Angela Lansbury, furiously lit up with self-belief, slaying the audience as she devoured Rose’s Turn in Gypsy; Elaine Stritch weaving seamlessly in and out of song in her jaw-dropping solo show At Liberty; the taste-free sequence of little old ladies dancing on Zimmer frames in The Producers… These, to borrow Oscar Hammerstein’s phrase, are a few of my favourite (musical theatre) things.
Other unforgettable moments also resurface more often than is necessary. I’m thinking of the preview of The Fields of Ambrosia (“Where everyone knows ya’”). “Come early,” insisted assistant director James Menzies-Kitchin, “so you can see everything before I’ve persuaded them to take the worst bits out.”
And then there was the second act opener of the Edward VIII and Mrs Simpson musical in which a stage full of Welsh miners doffed their caps to the Prince of Wales and leapt into song and dance in his honour, a choice that rendered my theatre companion slack-jawed in amazement. The show was titled Always but ‘About Six Weeks’ would have been more apt.
Another of these ‘greats’ came to (and, somewhat swiftly, went from) the Piccadilly Theatre in 2002: Romeo and Juliet – The Musical, the English version of a French hit, which, I’m extremely sorry to relate, has since been inflicted upon audiences in 18 countries in cities from Antwerp to Taipei and, yes, even Verona. Lowlights in London included the nurse glancing at the heroine and singing: “Now she’s in love and everything has changed, Her feelings and her hair have all been rearranged.”

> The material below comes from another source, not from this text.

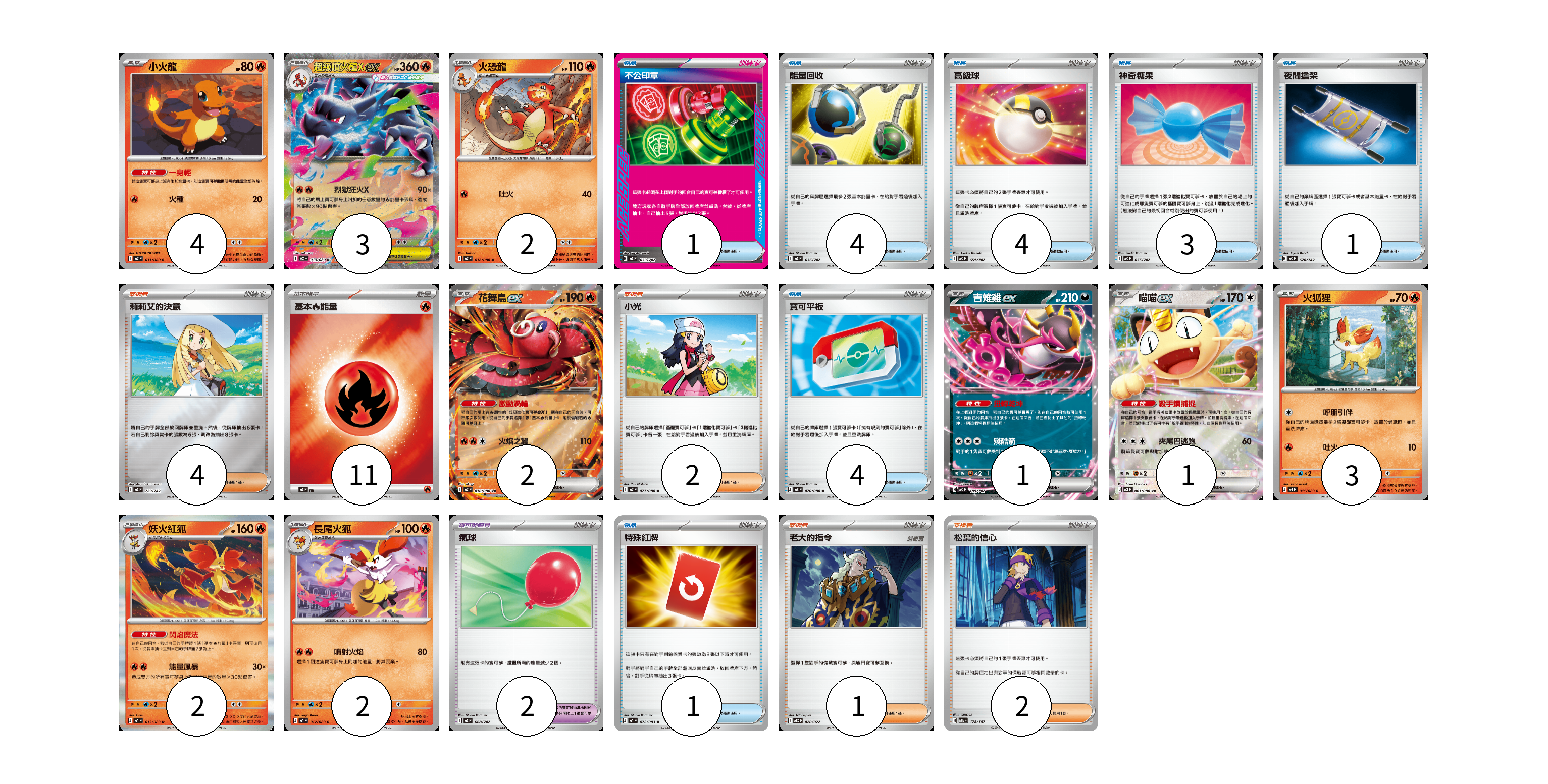 牌組構築方案 以此牌組為基礎新構築牌組 顯示卡面 顯示列表 寶可夢卡(20) 4 3 2 2 1 1 3 2 2 寶可夢道具(2) 2 物品卡(18) 1 4 4 3 1 4 1 支援者卡(9) 4 2 1 2 能量卡(11) 11 寶可夢卡(20) 卡牌名稱 張數 卡牌名稱 張數 小火龍 M2 011/080 04 超級噴火龍Xex M2 013/080 03 火恐龍 M2 012/080 02 花舞鳥ex M2 018/080 02 吉雉雞ex MC 489/742 01 喵喵ex M3 061/080 01 火狐狸 M4 011/083 03 妖火紅狐 M4 013/083 02 長尾火狐 M4 012/083 02 寶可夢道具(2) 卡牌名稱 張數 卡牌名稱 張數 氣球 MC 688/742 02 物品卡(18) 卡牌名稱 張數 卡牌名稱 張數 不公印章 MC 633/742 01 能量回收 MC 636/742 04 高級球 MC 651/742 04 神奇糖果 MC 655/742 03 夜間擔架 MC 670/742 01 寶可平板 M3 070/080 04 特殊紅牌 M4 072/083 01 支援者卡(9) 卡牌名稱 張數 卡牌名稱 張數 莉莉艾的決意 MC 729/742 04 小光 M2 077/080 02 老大的指令 MBD 020/022 01 松葉的信心 SV8a 178/187 02 能量卡(11) 卡牌名稱 張數 卡牌名稱 張數 基本【火】能量 MC FIR 11 以此牌組為基礎新構築牌組 牌組編碼 YnyXQy-DPDoDD-iVEOBB copy 列印牌組單 牌組編碼已複製 分享至SNS

Not, I think we can agree, lyricist Don Black’s finest moment. The casting didn’t help. The nurse was played by Jane McDonald whose accent strongly suggested Verona was one of the dodgier suburbs of Wakefield. In what passed for the script, greeting the lovers in bed she proceeded to scold Romeo: “Yer’ muther-in-law’s not going to like this… especially when she finds out she is yer muther-in-law.”
Pity poor Lorna Want in her stage debut as Juliet. On a bed atop scaffolding about to take the sleeping draught – a medicine bottle with, if memory serves, a skull and crossbones on it – she shrugged and announced: “Here goes.”

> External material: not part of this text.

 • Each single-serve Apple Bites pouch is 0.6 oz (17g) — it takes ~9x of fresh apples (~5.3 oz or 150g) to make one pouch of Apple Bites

It was, as my colleague Lyn Gardner wrote in the Guardian: “Truly tragic – but not in the way Shakespeare intended.” In the Telegraph, Charles Spencer described it as: “Witless, banal, clumsily staged, abysmally written and often buttock-clenchingly embarrassing.”
The thing about Romeo and Juliet is that even people who have never seen the original know the plot. That’s one reason why this, arguably the most malleable Shakespeare play, has had so many TV productions and 12 film versions including those by Franco Zeffirelli and Baz Luhrmann, not to mention the animated Gnomeo and Juliet. But no one sang in those. Maybe Romeo and Juliet doesn’t need music?
Tell that to Tchaikovsky. He turned it into a winningly fervid symphonic poem. And there are four operas: Giulietta e Romeo (1825) by Nicola Vaccai (no, I’ve never heard of him either); Bellini’s I Capuleti e i Montecchi, five years later, short on tension but the trilling is thrilling; Charles Gounod’s crowd-pleaser Roméo et Juliette in 1867 and Delius’ A Village Romeo and Juliet at the turn of the 20th century, which gave the world the passionate hit A Walk to the Paradise Garden – but that’s an orchestral interlude. Then came 1957’s audacious and still compelling West Side Story (which Ivo van Hove is directing on Broadway, with two entire months of previews, from December 10, a year ahead of Spielberg’s movie remake, which comes complete with Tony Kushner screenplay.)
All of this sprang to mind after I was knocked out by Matthew Bourne’s Romeo and Juliet, now at Sadler’s Wells and touring until October 12. Bourne’s version is assisted immeasurably by Prokofiev’s thrillingly dynamic ballet score – the most successful purely musical interpretation of all – arranged by Bourne’s regular collaborator Terry Davies.
A ‘collaborator’ is key. What makes West Side Story and Bourne’s production work is that they’re not just riding on the coat-tails of a famous title, they are sophisticated rethinks created through intensely detailed collaboration between gifted theatremakers whose mutual respect ups each other’s game.
West Side Story director and choreographer Jerome Robbins argued with book writer Arthur Laurents, composer Leonard Bernstein and lyricist Stephen Sondheim to winning effect.
Bourne doesn’t just create choreography: he conceives and directs audience-grabbing drama, his dancers embodying and amplifying music in space defined by Paule Constable’s lighting of Lez Brotherston’s set. Anyone keen to understand how to dramatise theatre space – to understand theatre – should rush.